## Task item
In the entries below, print exactly the lines from the first through the one with "[무한뉴스=정승훈 기자] (재)광주시문화재단은", both included, and none of the pictures.

══ Listed entries

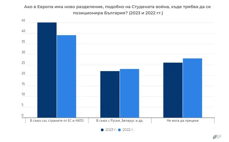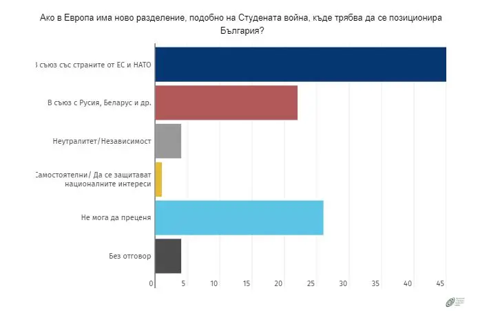 Близо 45% от анкетираните заявяват, че България трябва да се позиционира в съюз със страните от НАТО и ЕС в случай на ново разделение в Европа подобно на това от времето на Студената война. За съюз със страни като Русия и Беларус се обявяват 22% от запитаните. Близо 4% биха предпочели неутралитет/независимост, а 1% за са самостоятелност/да се защитават националните интереси. Хората, които не могат да преценят или не отговарят на въпроса, са близо 30%.
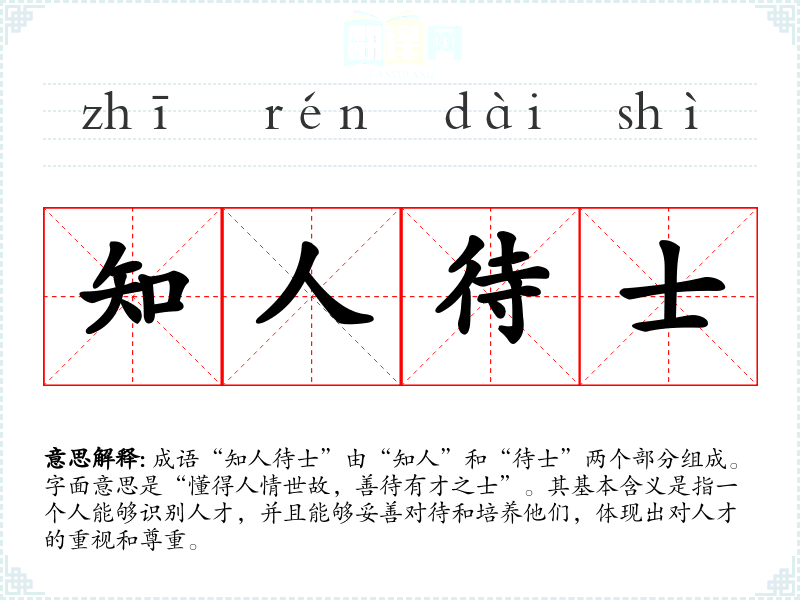 成语“知人待士”由“知人”和“待士”两个部分组成。字面意思是“懂得人情世故,善待有才之士”。其基本含义是指一个人能够识别人才,并且能够妥善对待和培养他们,体现出对人才的重视和尊重。
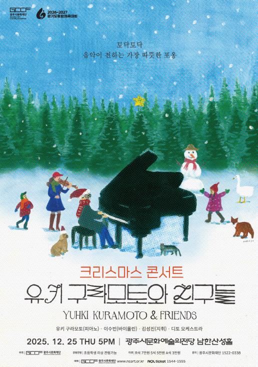 [무한뉴스=정승훈 기자] (재)광주시문화재단은 오는 12월 25일 오후 5시, 광주시문화예술의전당 남한산성홀에서 ‘2025 크리스마스 콘서트 '유키 구라모토와 친구들'을 개최한다.
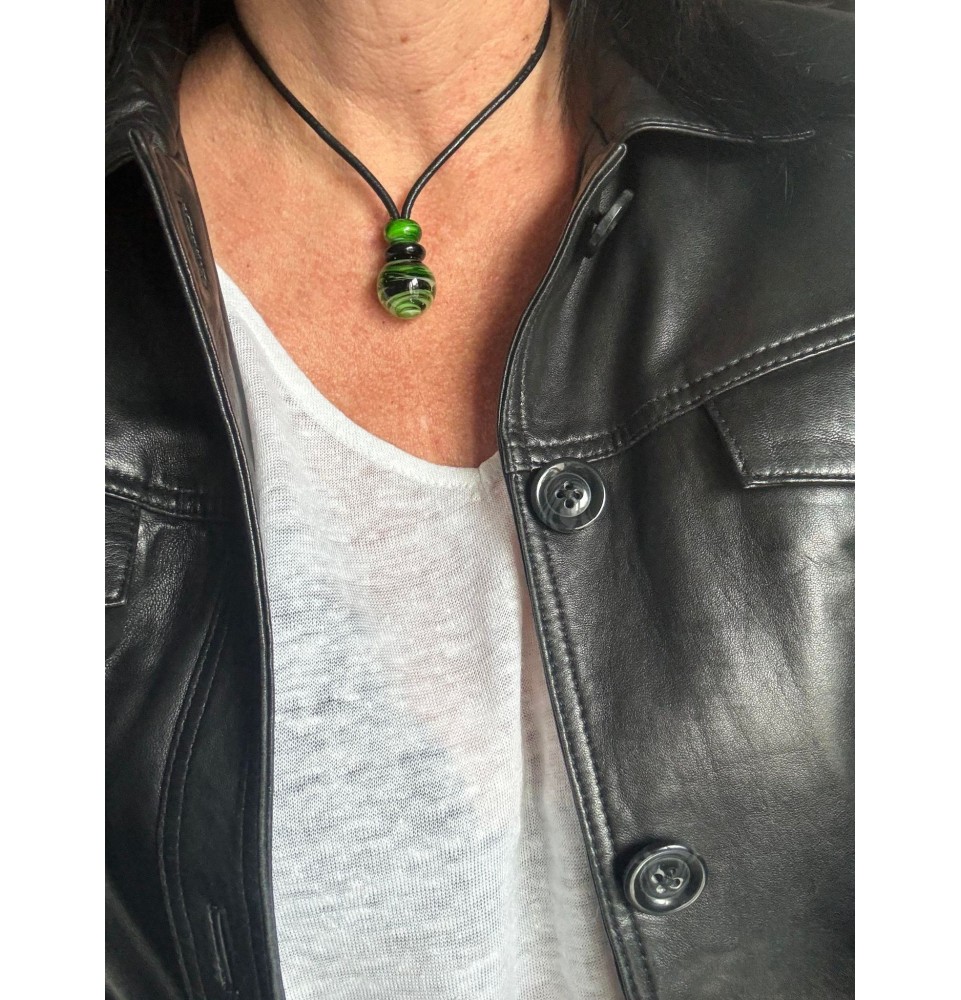 Collier en cuir avec perles de verre filé "noir vert rosetta" 45+3 cm
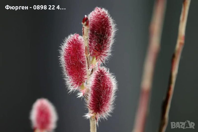 . Храстът изглежда най-добре през февруари, когато клоните на растенията се изпълват с пухкави,червено – розови цветчета. Достига височина не повече от 1,5-2,0м.Цъфтежът започва още от ранна пролет.Короната на растението е плоско закръглена. След като прецъфти(10 дена) цвета се превръща в сребристо-жълти пухчета. Листата са сиво-зелени със финно назъбен край. Не е претенциозно към почвите, но предпочита влажни, глинести почви.Издържа на слънце. Оформянето става началото на прлетта, като се изрязват кривите и болни издънки.
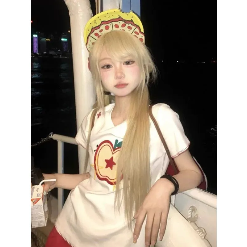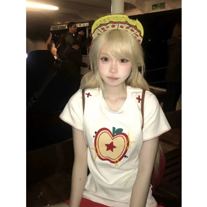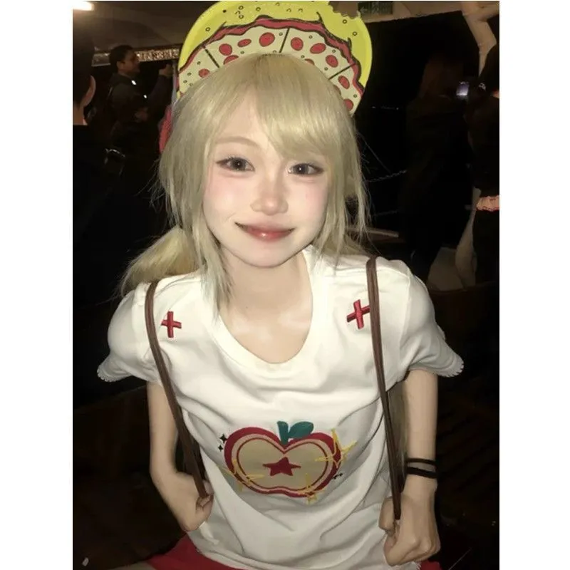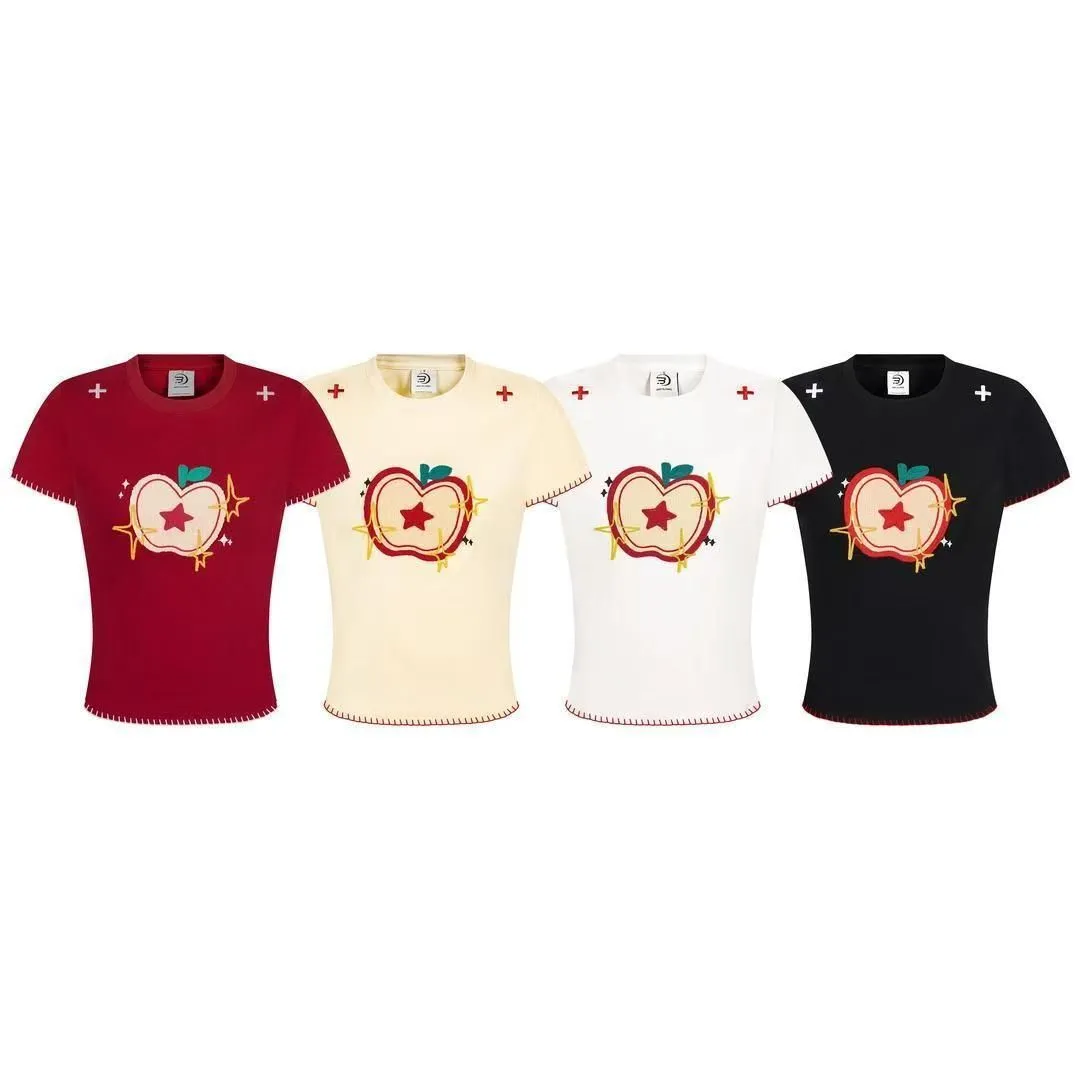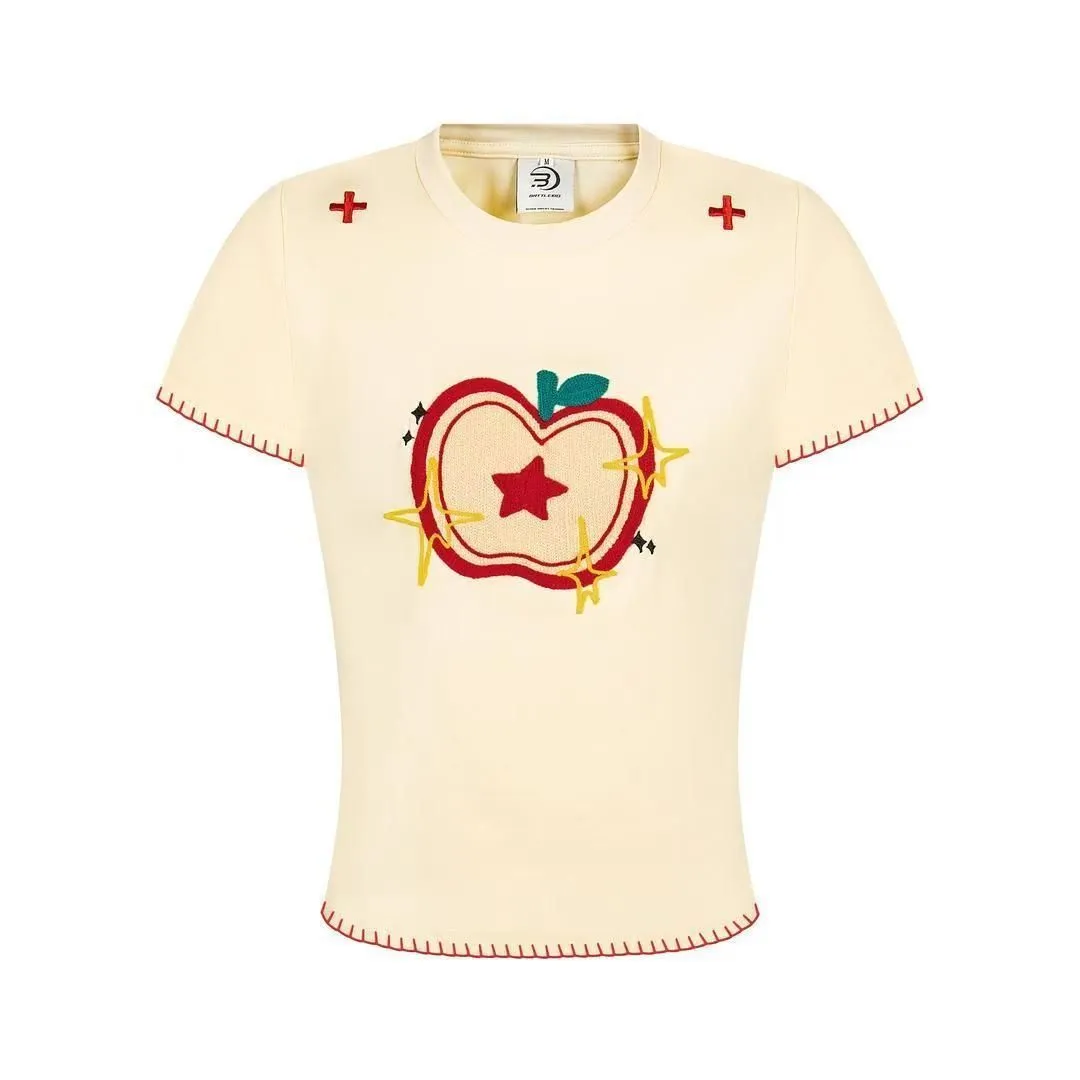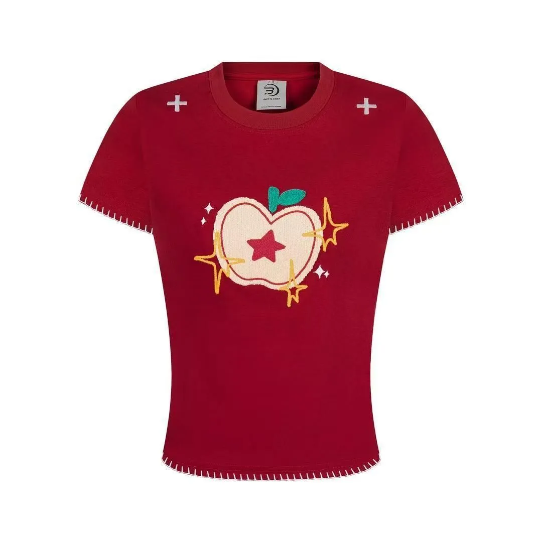 Featuring playful and chic embroidery, this T-shirt adds personality and charm to any outfit. The “sweet and spicy” motif creates a fun and fashionable aesthetic that stands out in everyday wear.

════

## Response area
 Близо 45% от анкетираните заявяват, че България трябва да се позиционира в съюз със страните от НАТО и ЕС в случай на ново разделение в Европа подобно на това от времето на Студената война. За съюз със страни като Русия и Беларус се обявяват 22% от запитаните. Близо 4% биха предпочели неутралитет/независимост, а 1% за са самостоятелност/да се защитават националните интереси. Хората, които не могат да преценят или не отговарят на въпроса, са близо 30%.
 成语“知人待士”由“知人”和“待士”两个部分组成。字面意思是“懂得人情世故,善待有才之士”。其基本含义是指一个人能够识别人才,并且能够妥善对待和培养他们,体现出对人才的重视和尊重。
 [무한뉴스=정승훈 기자] (재)광주시문화재단은 오는 12월 25일 오후 5시, 광주시문화예술의전당 남한산성홀에서 ‘2025 크리스마스 콘서트 '유키 구라모토와 친구들'을 개최한다.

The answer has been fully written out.